Records supplied START
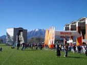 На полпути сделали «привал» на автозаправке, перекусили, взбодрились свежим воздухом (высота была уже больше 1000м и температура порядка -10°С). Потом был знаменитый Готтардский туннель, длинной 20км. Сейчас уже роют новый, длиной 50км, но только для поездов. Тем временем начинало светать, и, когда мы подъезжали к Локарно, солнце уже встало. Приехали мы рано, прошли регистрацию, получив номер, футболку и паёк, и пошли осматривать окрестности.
Records supplied END
Records supplied START
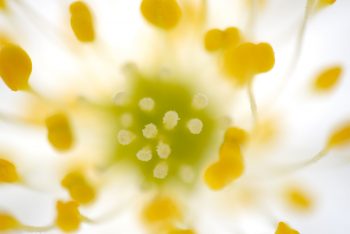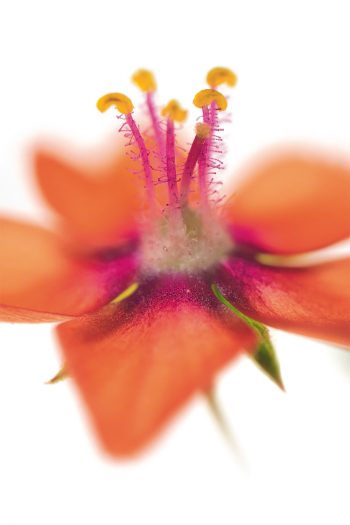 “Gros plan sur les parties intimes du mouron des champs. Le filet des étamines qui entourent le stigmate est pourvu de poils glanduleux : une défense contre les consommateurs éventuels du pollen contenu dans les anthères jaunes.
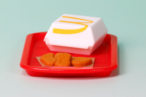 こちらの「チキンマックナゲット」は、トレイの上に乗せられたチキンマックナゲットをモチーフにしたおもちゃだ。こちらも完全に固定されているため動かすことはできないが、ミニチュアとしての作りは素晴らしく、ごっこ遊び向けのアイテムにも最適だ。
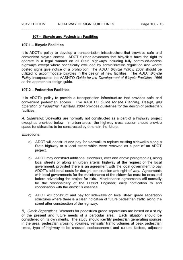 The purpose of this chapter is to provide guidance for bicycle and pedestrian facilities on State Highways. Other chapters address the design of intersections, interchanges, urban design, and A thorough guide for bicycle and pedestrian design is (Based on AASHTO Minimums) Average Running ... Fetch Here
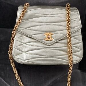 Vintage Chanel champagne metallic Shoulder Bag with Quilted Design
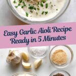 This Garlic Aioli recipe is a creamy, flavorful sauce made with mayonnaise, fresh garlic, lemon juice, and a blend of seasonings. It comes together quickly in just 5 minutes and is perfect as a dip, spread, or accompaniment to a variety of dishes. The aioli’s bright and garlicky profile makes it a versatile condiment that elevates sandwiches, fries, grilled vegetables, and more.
Records supplied END
→ **Task prompt**
Retype only the lines above from the one with "les anthères jaunes." through the one with "こちらの「チキンマックナゲッ", exactly and with both ends. Images stay out.

→ **Solution to the exercise**
 “Gros plan sur les parties intimes du mouron des champs. Le filet des étamines qui entourent le stigmate est pourvu de poils glanduleux : une défense contre les consommateurs éventuels du pollen contenu dans les anthères jaunes.
 こちらの「チキンマックナゲット」は、トレイの上に乗せられたチキンマックナゲットをモチーフにしたおもちゃだ。こちらも完全に固定されているため動かすことはできないが、ミニチュアとしての作りは素晴らしく、ごっこ遊び向けのアイテムにも最適だ。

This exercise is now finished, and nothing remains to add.